→ **Prompt**: When you reach the line containing "Setelan cewek - one", begin reproducing the material exactly, stop after the line containing "Subject: NYC Triple", and leave out any pictures along the way.
════════════════════
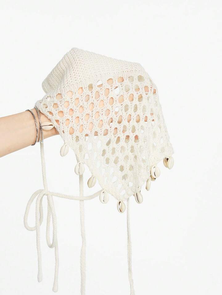 Fairycore Top tricoté au décolleté ras-du-cou et ourlet asymétrique, avec décor coquillage, style vacances
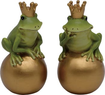 Add a whimsical touch to your garden or home decor with the Resin King Frogs on Sphere Set of 2. This charming set features two delightful frogs perched atop elegant spheres, crafted from durable resin in a vibrant green and gold color scheme. Standing at 4.25 inches high and measuring 2.25 inches in both length and width, these figurines are perfect for adding a playful element to your springtime decorations. Ideal for gift giving or as a unique accent piece, these frogs will surely bring joy and character to any space. Whether displayed in your garden, on a shelf, or as part of a centerpiece, the Resin King Frogs on Sphere Set is a delightful way to celebrate the season and enhance your home's charm.
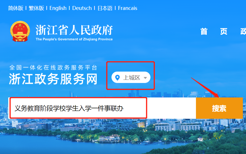 電腦網(wǎng)頁打開浙江政務(wù)服務(wù)網(wǎng)(http://www.zjzwfw.gov.cn)——個人登錄,輸入“義務(wù)教育階段學(xué)校學(xué)生入學(xué)一件事聯(lián)辦”搜索,點(diǎn)擊“在線辦理”——選擇“浙江省-杭州市-**區(qū)”——進(jìn)入杭州市義務(wù)教育入學(xué)報名服務(wù)
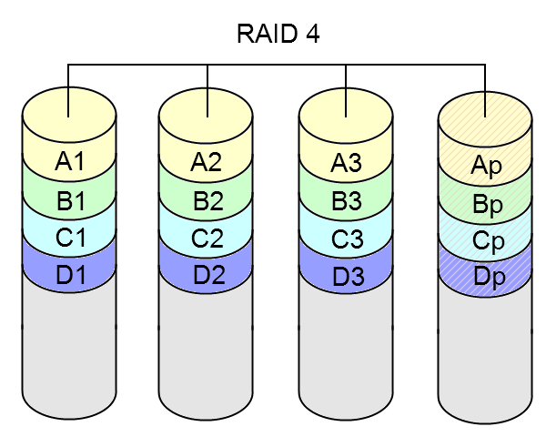- '''RAID 3''' 및 '''RAID 4''': 전용 패리티 디스크를 사용하여 데이터를 스트리핑한다. RAID 3은 바이트 단위, RAID 4는 블록 단위로 스트리핑한다.
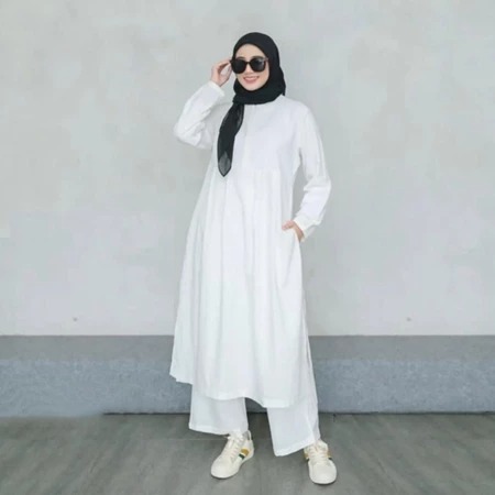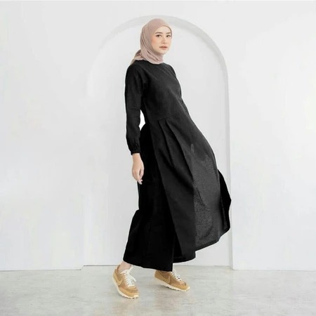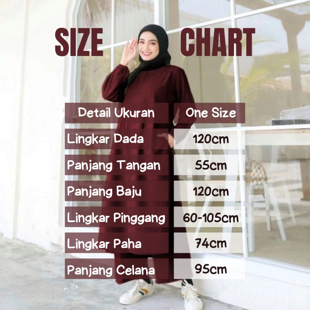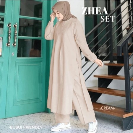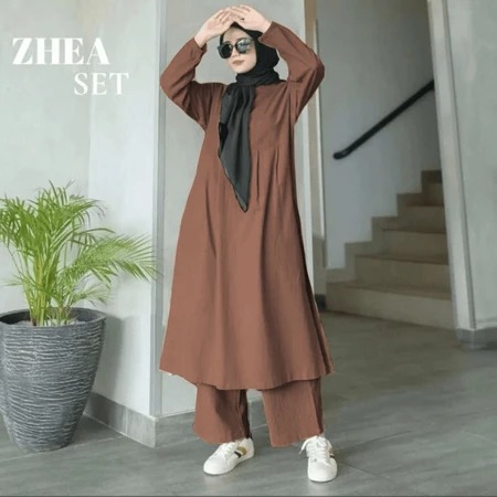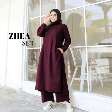 Setelan cewek - one set cewek - baju cewek - Zhea Set Setelan Tunik + Celana Kulot Jumbo Wanita Rami Fashion Muslim
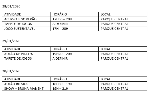 • SuperAção Verão: Atividades esportivas e recreativas diversas.
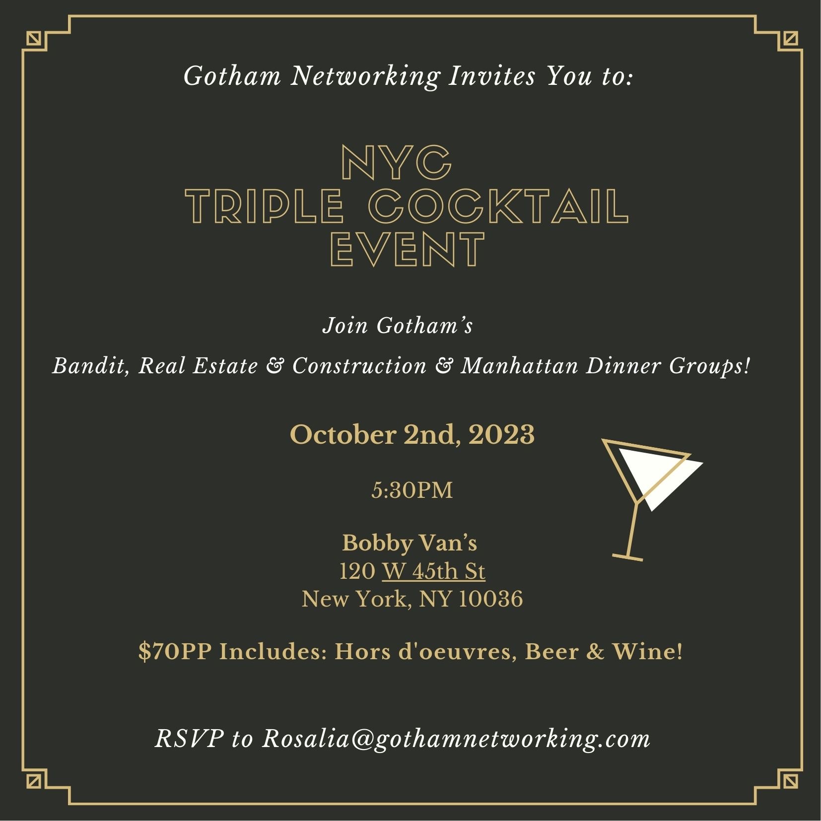 Subject: NYC Triple Cocktail Event ~ Monday, October 2nd at 5:30 pm ~ Bobby Vans/120 W 45th Street NY, NY 10036
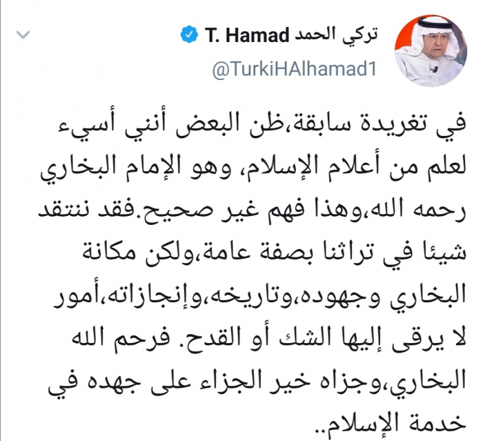 وقال الحمد في تغريدة له عبر حسابه بتويتر ورصدها "المشهد العربي": "في تغريدة سابقة،ظن البعض أنني أسيء لعلم من أعلام الإسلام، وهو الإمام البخاري رحمه الله".
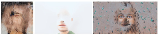 Three illustrative samples from using network bending in the production of artworks. Left: an image from the series of artworks Teratome [53]. Middle: a still from the video piece Fragments of Self [55]. Right: a still from the video piece Disembodied gaze [54]. Images reproduced with permission from the copyright holder.
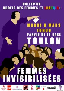affiche du collectif « Droits des femmes et LGBTQIA+ » de Toulon pour le rassemblement organisé le mardi 8 mars 2022 à 18h sur le parvis de la gare de Toulon dans le cadre de la Journée internationale de lutte pour les droits des femmes.
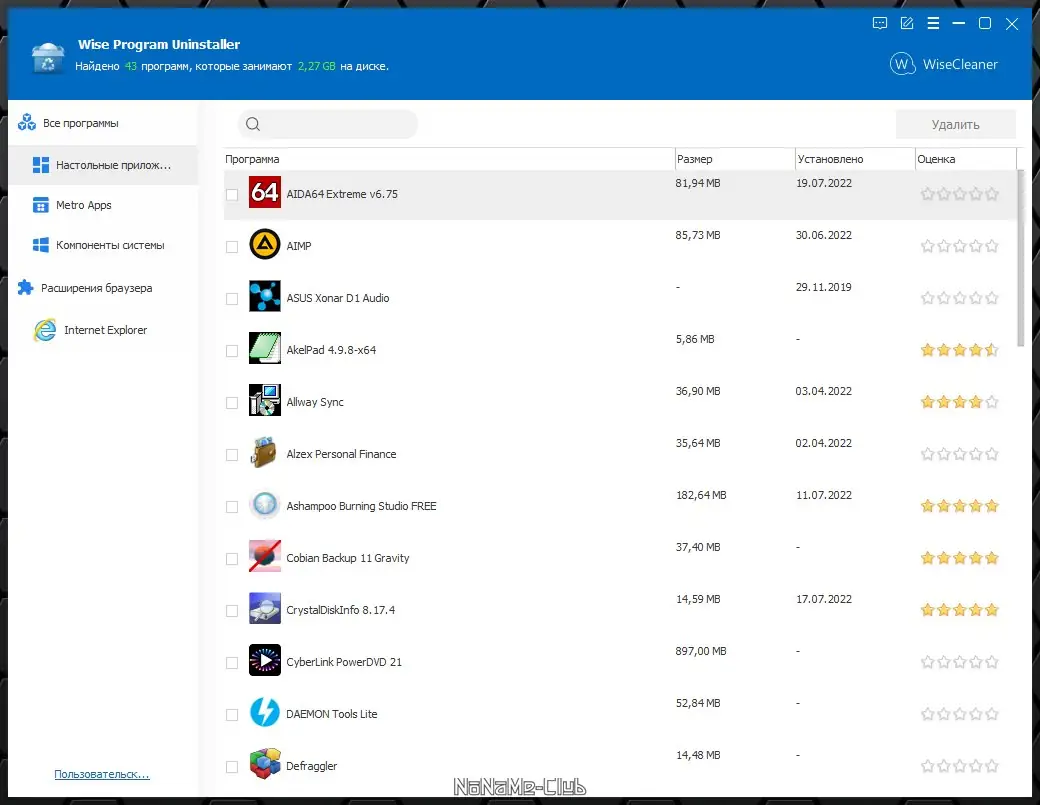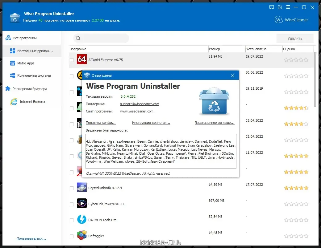 Wise Program Uninstaller — универсальная утилита для удаления установленных программ с компьютера. Обеспечивает комплексное удаление как стандартными средствами системы, так и собственными инструментами, включая очистку остаточных файлов и записей в реестре, а также удобный поиск информации о приложениях.
════════════════════
→ **Reply**:
 Setelan cewek - one set cewek - baju cewek - Zhea Set Setelan Tunik + Celana Kulot Jumbo Wanita Rami Fashion Muslim
 • SuperAção Verão: Atividades esportivas e recreativas diversas.
 Subject: NYC Triple Cocktail Event ~ Monday, October 2nd at 5:30 pm ~ Bobby Vans/120 W 45th Street NY, NY 10036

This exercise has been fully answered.